THE PROBLEM
Skip any pictures. Repeat the data exactly, from its first line through the line that holds "Raise Me Up》反响热烈,将晚会的氛围推向高潮。舞蹈类节目中由6个同学带来的舞蹈串烧《Merry", both included.

DATASET RECORDS
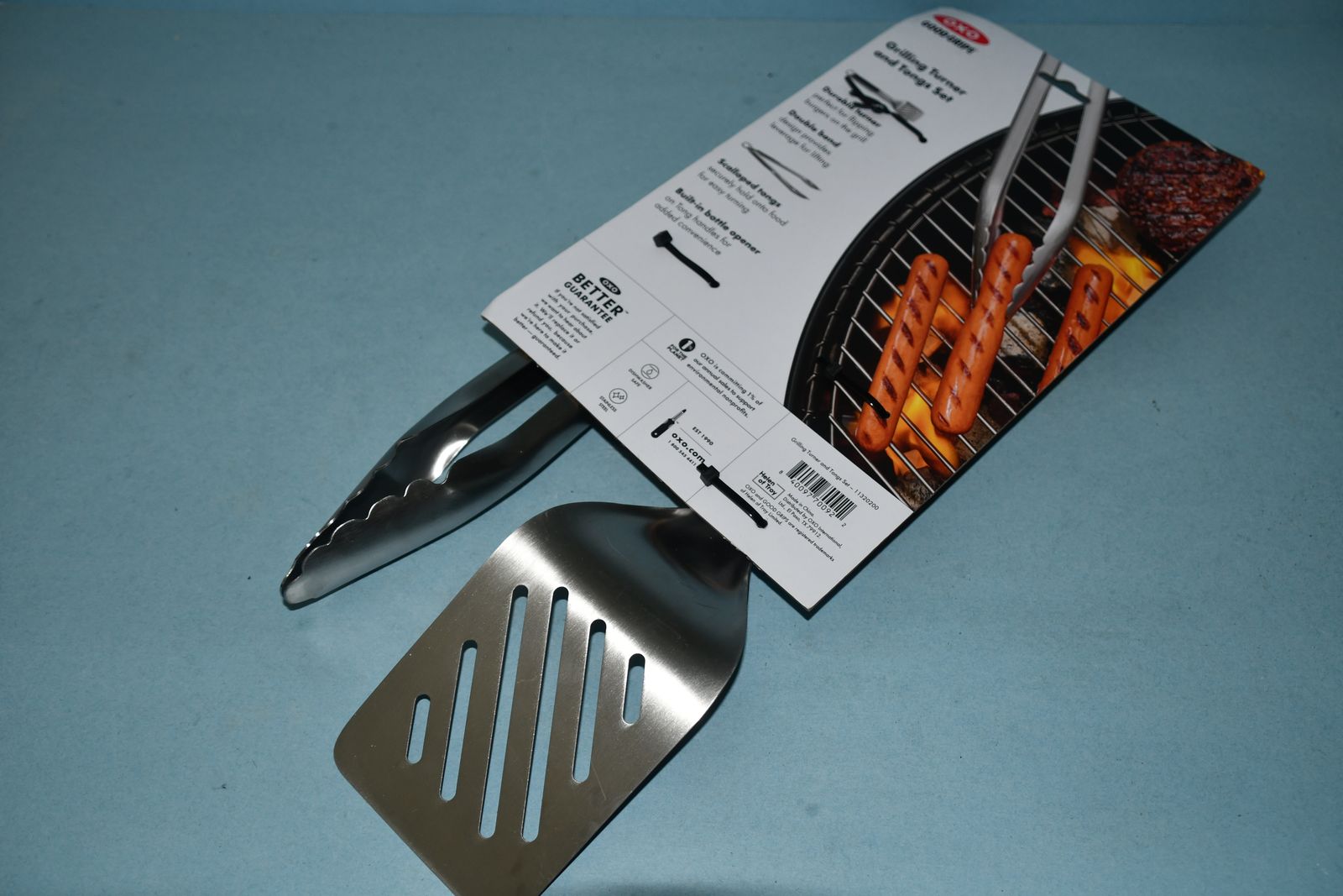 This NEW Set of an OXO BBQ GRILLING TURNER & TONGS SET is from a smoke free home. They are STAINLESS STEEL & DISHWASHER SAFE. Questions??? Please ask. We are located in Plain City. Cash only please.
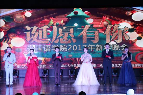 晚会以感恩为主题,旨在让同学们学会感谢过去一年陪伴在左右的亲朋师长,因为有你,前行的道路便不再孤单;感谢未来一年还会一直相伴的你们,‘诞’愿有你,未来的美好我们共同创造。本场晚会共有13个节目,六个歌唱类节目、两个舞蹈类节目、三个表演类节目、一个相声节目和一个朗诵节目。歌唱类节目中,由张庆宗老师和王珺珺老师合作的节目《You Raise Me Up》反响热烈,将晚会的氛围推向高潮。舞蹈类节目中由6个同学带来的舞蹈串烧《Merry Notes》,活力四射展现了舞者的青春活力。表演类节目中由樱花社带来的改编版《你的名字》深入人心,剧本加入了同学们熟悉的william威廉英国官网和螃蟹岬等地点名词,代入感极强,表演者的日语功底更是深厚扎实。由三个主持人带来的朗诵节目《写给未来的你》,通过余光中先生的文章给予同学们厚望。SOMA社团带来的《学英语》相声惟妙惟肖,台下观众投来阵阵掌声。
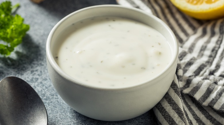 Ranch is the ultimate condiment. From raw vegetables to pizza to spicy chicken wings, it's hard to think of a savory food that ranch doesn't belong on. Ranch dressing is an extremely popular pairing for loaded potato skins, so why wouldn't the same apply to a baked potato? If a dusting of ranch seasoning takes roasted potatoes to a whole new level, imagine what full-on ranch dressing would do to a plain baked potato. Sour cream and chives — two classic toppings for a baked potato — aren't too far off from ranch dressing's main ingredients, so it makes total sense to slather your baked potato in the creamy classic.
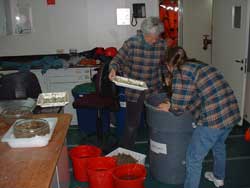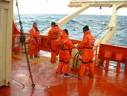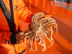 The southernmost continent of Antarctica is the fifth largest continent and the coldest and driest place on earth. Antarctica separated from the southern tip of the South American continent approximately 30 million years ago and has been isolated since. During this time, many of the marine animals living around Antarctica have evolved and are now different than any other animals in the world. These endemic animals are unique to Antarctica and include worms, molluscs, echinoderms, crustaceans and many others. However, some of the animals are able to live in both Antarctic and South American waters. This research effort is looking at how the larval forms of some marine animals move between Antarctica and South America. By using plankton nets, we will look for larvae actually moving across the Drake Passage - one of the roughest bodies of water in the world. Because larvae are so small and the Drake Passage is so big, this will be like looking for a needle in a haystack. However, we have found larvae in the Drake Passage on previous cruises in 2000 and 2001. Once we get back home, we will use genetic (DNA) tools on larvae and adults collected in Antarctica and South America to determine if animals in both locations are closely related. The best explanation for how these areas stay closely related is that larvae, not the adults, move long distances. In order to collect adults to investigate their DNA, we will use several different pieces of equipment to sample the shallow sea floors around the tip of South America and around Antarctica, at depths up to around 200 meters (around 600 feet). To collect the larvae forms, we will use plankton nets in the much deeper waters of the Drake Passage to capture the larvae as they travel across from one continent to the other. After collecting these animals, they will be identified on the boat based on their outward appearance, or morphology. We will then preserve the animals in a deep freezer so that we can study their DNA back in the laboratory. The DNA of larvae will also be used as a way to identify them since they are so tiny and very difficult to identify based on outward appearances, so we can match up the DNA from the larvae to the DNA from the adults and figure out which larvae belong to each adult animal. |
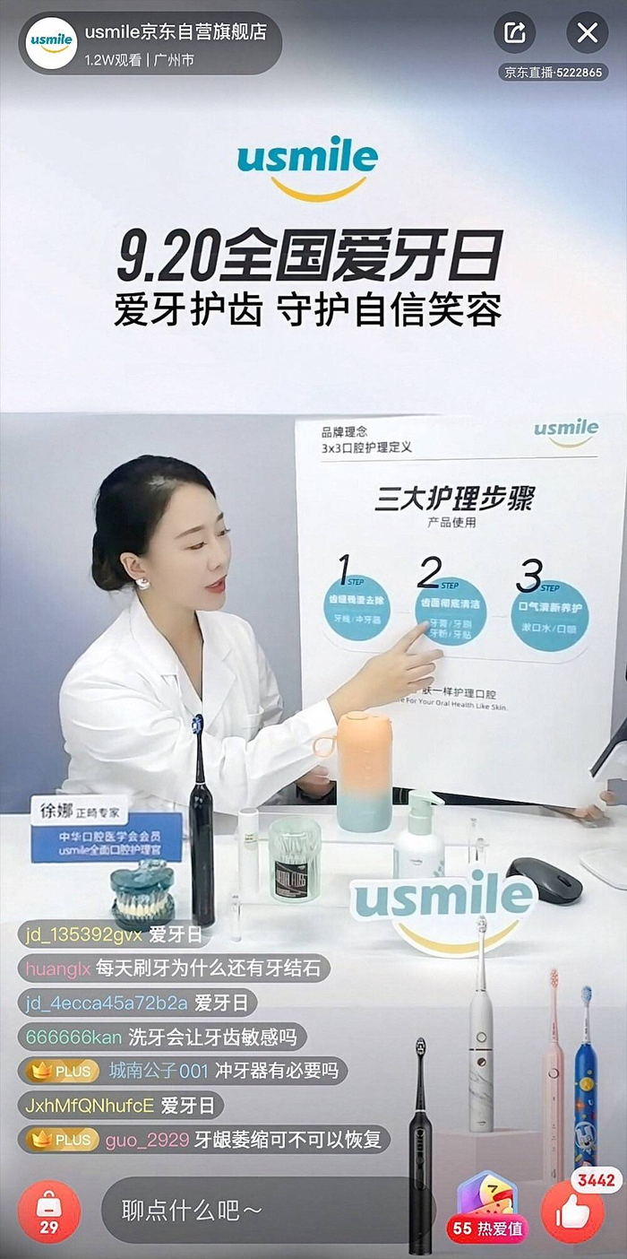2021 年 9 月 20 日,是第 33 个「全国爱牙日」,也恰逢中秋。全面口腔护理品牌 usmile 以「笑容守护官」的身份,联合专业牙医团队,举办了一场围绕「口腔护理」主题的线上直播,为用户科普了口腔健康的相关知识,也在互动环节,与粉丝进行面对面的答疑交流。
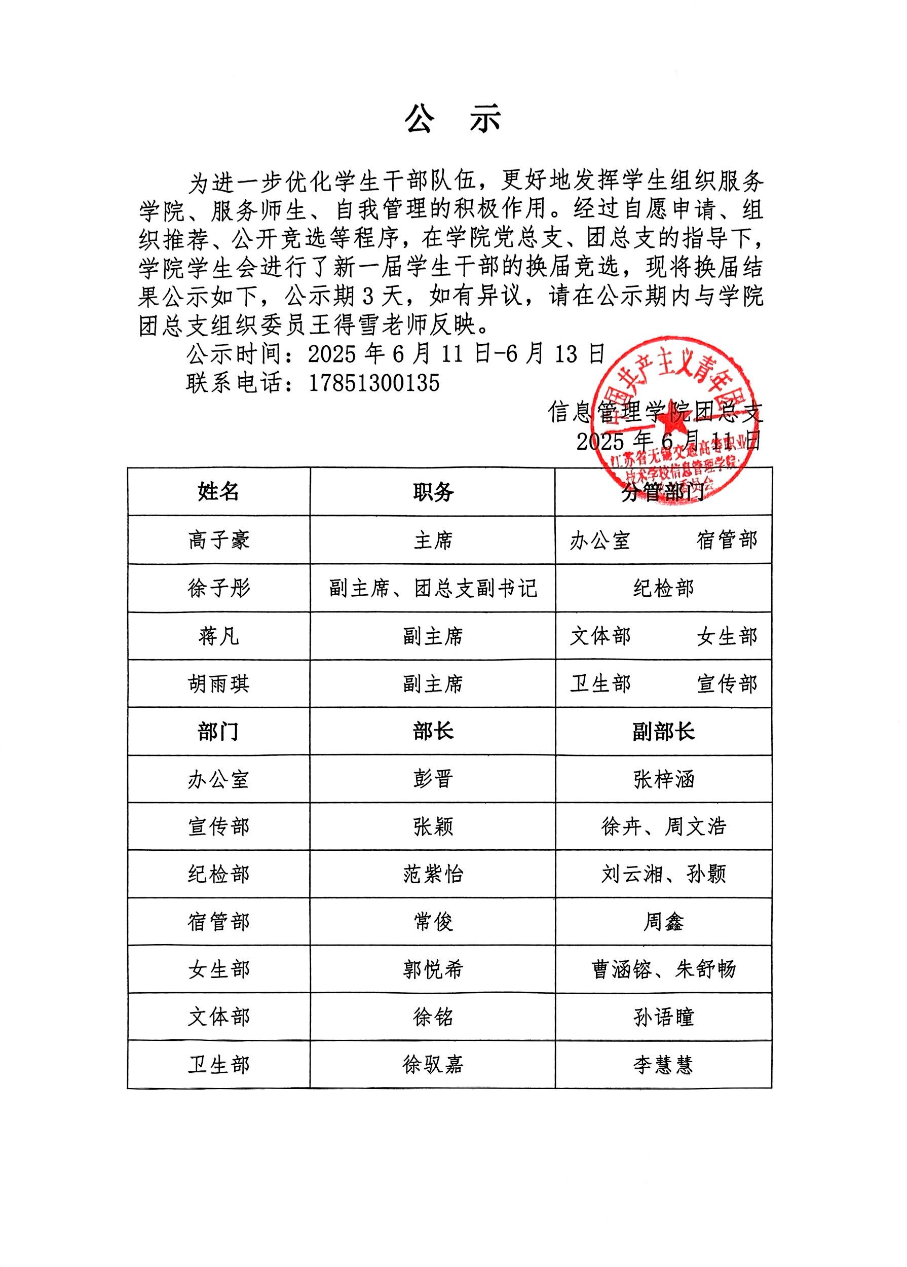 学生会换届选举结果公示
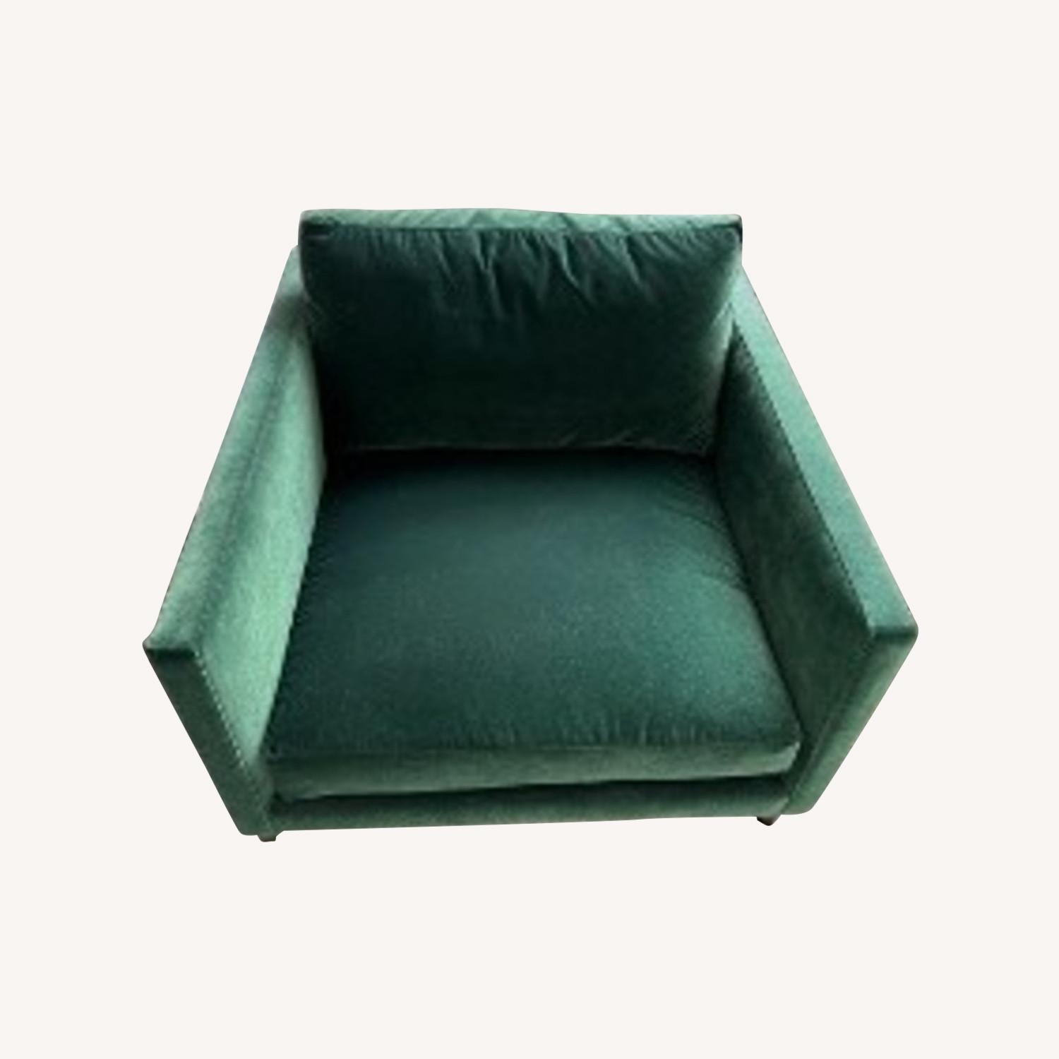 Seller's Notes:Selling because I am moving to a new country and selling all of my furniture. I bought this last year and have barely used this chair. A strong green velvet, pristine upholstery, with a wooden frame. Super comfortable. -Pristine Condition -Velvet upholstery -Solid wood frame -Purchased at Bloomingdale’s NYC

TASK OUTPUT
 This NEW Set of an OXO BBQ GRILLING TURNER & TONGS SET is from a smoke free home. They are STAINLESS STEEL & DISHWASHER SAFE. Questions??? Please ask. We are located in Plain City. Cash only please.
 晚会以感恩为主题,旨在让同学们学会感谢过去一年陪伴在左右的亲朋师长,因为有你,前行的道路便不再孤单;感谢未来一年还会一直相伴的你们,‘诞’愿有你,未来的美好我们共同创造。本场晚会共有13个节目,六个歌唱类节目、两个舞蹈类节目、三个表演类节目、一个相声节目和一个朗诵节目。歌唱类节目中,由张庆宗老师和王珺珺老师合作的节目《You Raise Me Up》反响热烈,将晚会的氛围推向高潮。舞蹈类节目中由6个同学带来的舞蹈串烧《Merry Notes》,活力四射展现了舞者的青春活力。表演类节目中由樱花社带来的改编版《你的名字》深入人心,剧本加入了同学们熟悉的william威廉英国官网和螃蟹岬等地点名词,代入感极强,表演者的日语功底更是深厚扎实。由三个主持人带来的朗诵节目《写给未来的你》,通过余光中先生的文章给予同学们厚望。SOMA社团带来的《学英语》相声惟妙惟肖,台下观众投来阵阵掌声。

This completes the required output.